- MATERIALS PROVIDED
● ● ● ●

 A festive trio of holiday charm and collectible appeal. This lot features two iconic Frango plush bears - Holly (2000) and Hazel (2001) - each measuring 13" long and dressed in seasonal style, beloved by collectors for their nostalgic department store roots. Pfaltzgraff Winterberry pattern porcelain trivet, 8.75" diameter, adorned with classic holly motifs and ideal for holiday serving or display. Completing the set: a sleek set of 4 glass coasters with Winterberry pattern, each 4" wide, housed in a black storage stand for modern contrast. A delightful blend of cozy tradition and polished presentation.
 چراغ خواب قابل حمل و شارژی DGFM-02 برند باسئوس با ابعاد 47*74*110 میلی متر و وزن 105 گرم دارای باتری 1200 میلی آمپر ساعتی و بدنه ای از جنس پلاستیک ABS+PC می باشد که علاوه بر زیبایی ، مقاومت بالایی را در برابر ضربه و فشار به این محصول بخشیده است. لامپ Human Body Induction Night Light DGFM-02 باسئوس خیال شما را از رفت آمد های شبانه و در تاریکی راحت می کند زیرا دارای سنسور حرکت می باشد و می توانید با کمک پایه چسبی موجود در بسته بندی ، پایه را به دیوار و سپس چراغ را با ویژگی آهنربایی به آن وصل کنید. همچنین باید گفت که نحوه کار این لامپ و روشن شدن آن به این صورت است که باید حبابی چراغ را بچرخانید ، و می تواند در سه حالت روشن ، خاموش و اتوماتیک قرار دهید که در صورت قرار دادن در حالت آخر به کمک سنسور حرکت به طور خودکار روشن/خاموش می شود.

● ● ● ●

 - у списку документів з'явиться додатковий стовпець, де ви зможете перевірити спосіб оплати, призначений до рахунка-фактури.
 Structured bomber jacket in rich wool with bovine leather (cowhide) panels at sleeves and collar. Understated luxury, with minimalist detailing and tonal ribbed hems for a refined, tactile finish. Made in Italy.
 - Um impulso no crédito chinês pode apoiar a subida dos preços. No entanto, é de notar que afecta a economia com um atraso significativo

● ● ● ●

- WORK ITEM
Scan the material above. Copy each line that holds the word "with".

- YOUR SOLUTION
 A festive trio of holiday charm and collectible appeal. This lot features two iconic Frango plush bears - Holly (2000) and Hazel (2001) - each measuring 13" long and dressed in seasonal style, beloved by collectors for their nostalgic department store roots. Pfaltzgraff Winterberry pattern porcelain trivet, 8.75" diameter, adorned with classic holly motifs and ideal for holiday serving or display. Completing the set: a sleek set of 4 glass coasters with Winterberry pattern, each 4" wide, housed in a black storage stand for modern contrast. A delightful blend of cozy tradition and polished presentation.
 Structured bomber jacket in rich wool with bovine leather (cowhide) panels at sleeves and collar. Understated luxury, with minimalist detailing and tonal ribbed hems for a refined, tactile finish. Made in Italy.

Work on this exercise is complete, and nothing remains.